The case, filed in federal court in Miami, demands “damages in an amount not less than $5,000,000,000” for each of the two charges against the British broadcaster, alleging defamation and violating the Florida Deceptive and Unfair Trade Practices Act.
Trump, 79, had already stated on Monday that the lawsuit was impending, saying the BBC had “put words in my mouth,” even speculating that “they used AI or something.”
The documentary in question aired on the BBC’s flagship current affairs program “Panorama” last year, ahead of the 2024 election.
The video stitched together two unrelated pieces of Trump’s speech on January 6, 2021, giving the impression that he directly encouraged supporters to attack the Capitol, where senators were confirming Joe Biden’s 2020 election victory.
“The formerly respected and now disgraced BBC defamed President Trump by intentionally, maliciously, and deceptively doctoring his speech in a brazen attempt to interfere in the 2024 Presidential Election,” a spokesperson for Trump’s legal team said in a statement to AFP.
“The BBC has a long pattern of deceiving its audience in coverage of President Trump, all in service of its own leftist political agenda,” the statement added.
The British Broadcasting Corporation, whose audience extends far beyond the United Kingdom, experienced difficulty last month after a media article resurfaced the modified clip.
The controversy forced the BBC’s director-general and top news officer to quit.
Trump’s complaint alleges that the modified remarks in the documentary is…
“fabricated and aired by the Defendants one week before the 2024 Presidential Election in a brazen attempt to interfere in and influence the Election’s outcome to President Trump’s detriment.”
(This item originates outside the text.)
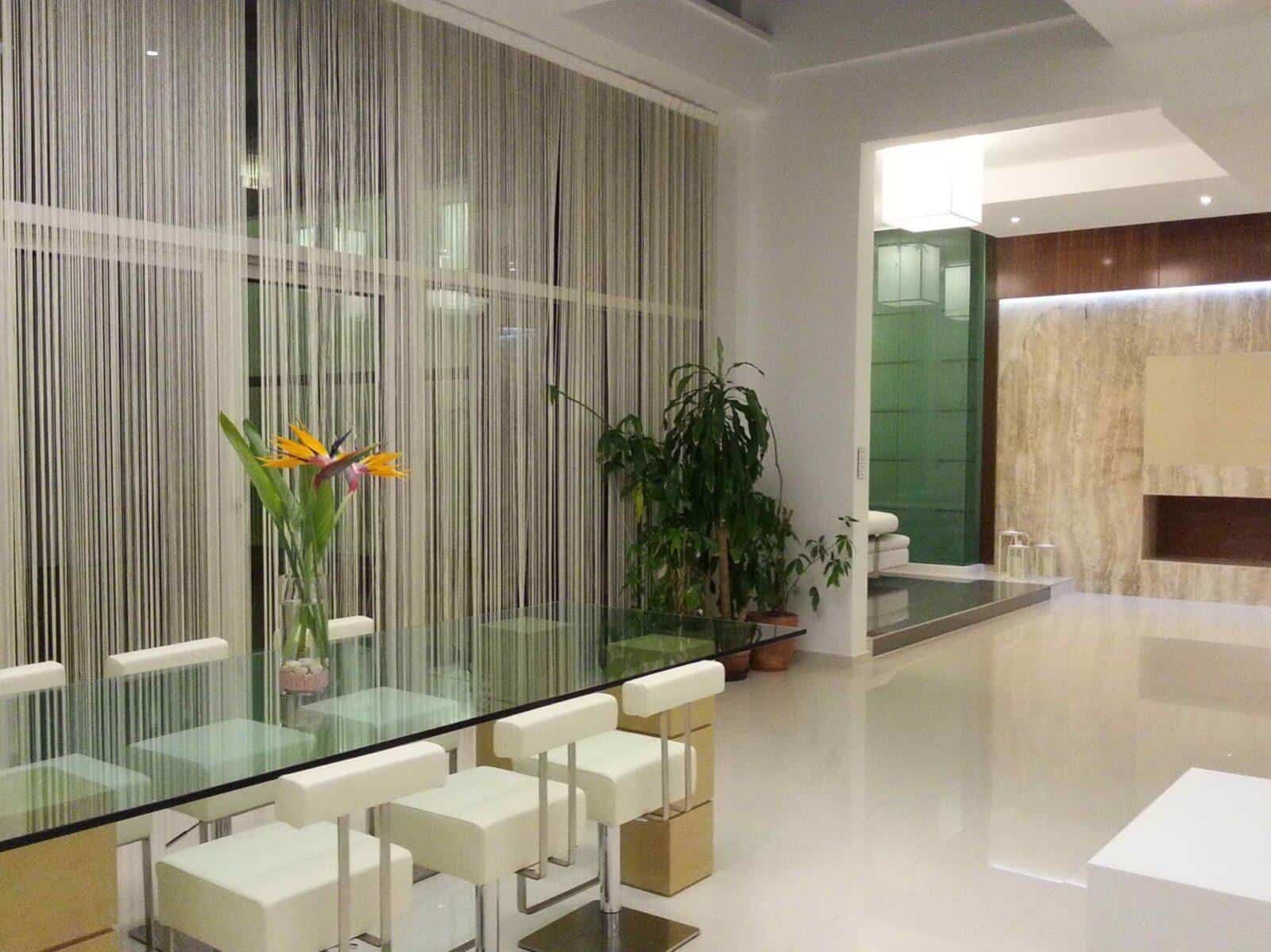 The ground floor hosts an open-plan kitchen and living room, providing a seamless flow of space and creating a central hub for family and social gatherings. The villa has a maid’s room with an ensuite shower, two guest W/Cs, and a laundry room for added convenience.

The BBC has rebuffed Trump’s legal defamation charges, albeit its chairman, Samir Shah, has sent him an apologetic letter.
Shah also told a UK parliamentary committee last month that the broadcaster should have acted sooner to admit its blunder when it was revealed in a document leaked to The Daily Telegraph newspaper.
The BBC lawsuit is the latest in a series of legal proceedings filed by Trump against media corporations in recent years, several of which have resulted in multimillion-dollar settlements.